A regulação da secreção de catecolaminas em células cromafins / The regulation of the catecolaminas secretion in cells cromafins

RESUMO

Estudou-se o envolvimento dos pools intracelulares de Ca2+ na secreção de catecolaminas e o efeito da glicose e densidade celular sobre células cromafins. Em células cromafins de boi, a cafeína (50mM) inibiu totalmente a secreção de catecolaminas e os fluxos de 45Ca2+ induzidos por cabacol e nicotina e em 55,88 e 12,74 por cento, respectivamente, os estimulados por K+ elevado, como na secreção em células cromafins de rato. A pré-incubação com cafeína inibiu de forma tempodependente a secreção induzida por K+ (90,80 por cento aos seis minutos). Neste protocolo a captação de 45Ca2+ foi reduzida em 40,00 por cento no primeiro minuto. Concluímos que a cafeína tem efeito inibitório sobre a estimulação nicotínica e que o desequilíbrio da homeostase dos pools intracelulares de Ca2+ diminui a secreção de catecolaminas.

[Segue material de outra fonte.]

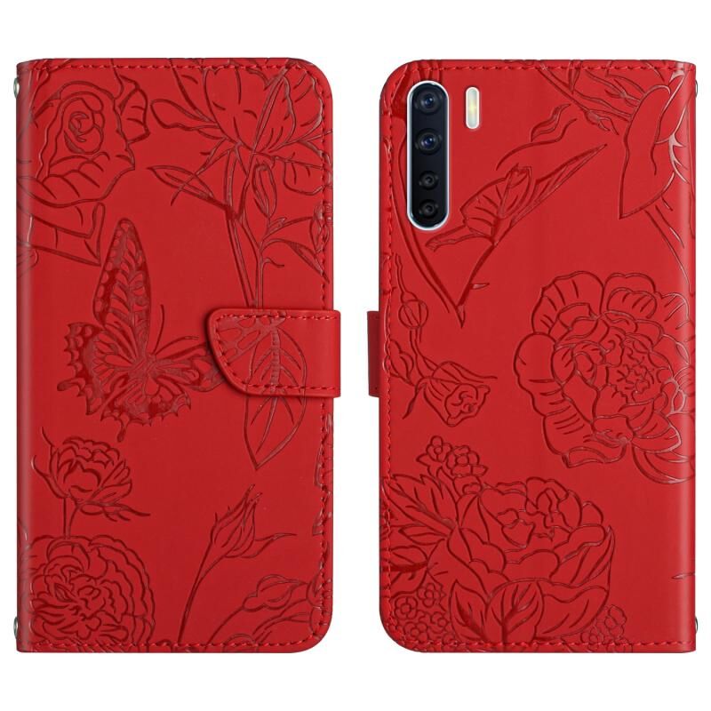 Θήκη τηλεφώνου από δέρμα με ανάγλυφο σχέδιο πεταλούδας και παιώνιας για OPPO A91 (Κόκκινο)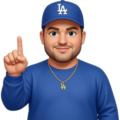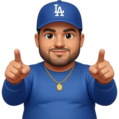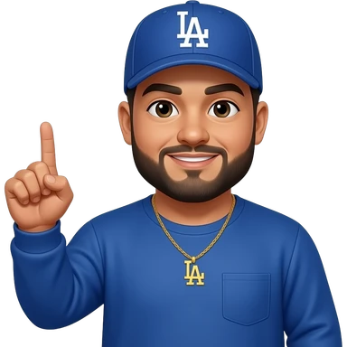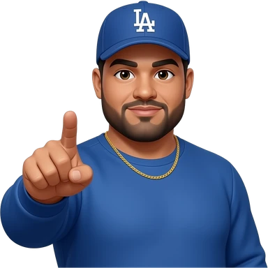 chubby man with a light honey skin complextion with lightly shaved black beard wearing a blue Los Angeles Dodgers baseball cap wearing a long sleeve blue shirt wearing a gold tennis necklace pointing up emoji

O efeito da retirada de Na+ extracelular foi analisado. A secreção foi inversamente proporcional à concentração de Na+, na presença e ausência de Ca2+ extracelular. Reduzindo a incubação de 15 para 1 minuto, a secreção foi três vezes maior nos experimentos com Ca2+. Pré-incubação com cafeína reduziu a secreção estimulada pela retirada de Na+ e, em maior proporção, no meio com Ca2+. Concluímos que a diminuição da concentração de Na+ extracelular mobiliza Ca2+ de pools intracelulares e induz o influxo de Ca2+. Em células cromafins de feocromocitoma de rato, a glicose em altas concentrações (25,00 mM) diminuiu a expressão de tirosina hidroxilase (TH) e dopamina ß-hidroxilase (DBH). O aumento da desnsidade celular reduziu os níveis de DBH e feniletanolamina metiltransferase (PNMT) independentemente da concentração de glicose. A proliferação celular foi maior nas células cultivadas em meio com 5,5 mM de glicose, e significativamente diferente após 72h de cultivo. A glicose modificou o padrão de fosforilação de proteínas. Uma proteína de massa molecular aparente de 43 kDa apareceu fosforilada em resíduos de (FALTA ALGO)com 5,5 mM de glicose. O mesmo ocorreu com outras duas proteínas, de 70 e 79 kDa, fosforidadas em resíduos de tirosina. Concluímos que a glicose em altas concentrações reprime a proliferação celular e o sistema de síntese de catecolaminas em consequência da modificação dos processos de sinalização celular. Sugere-se que a proteína de 43 kDa é uma proteína quinase ativada por mitógeno (MAPK).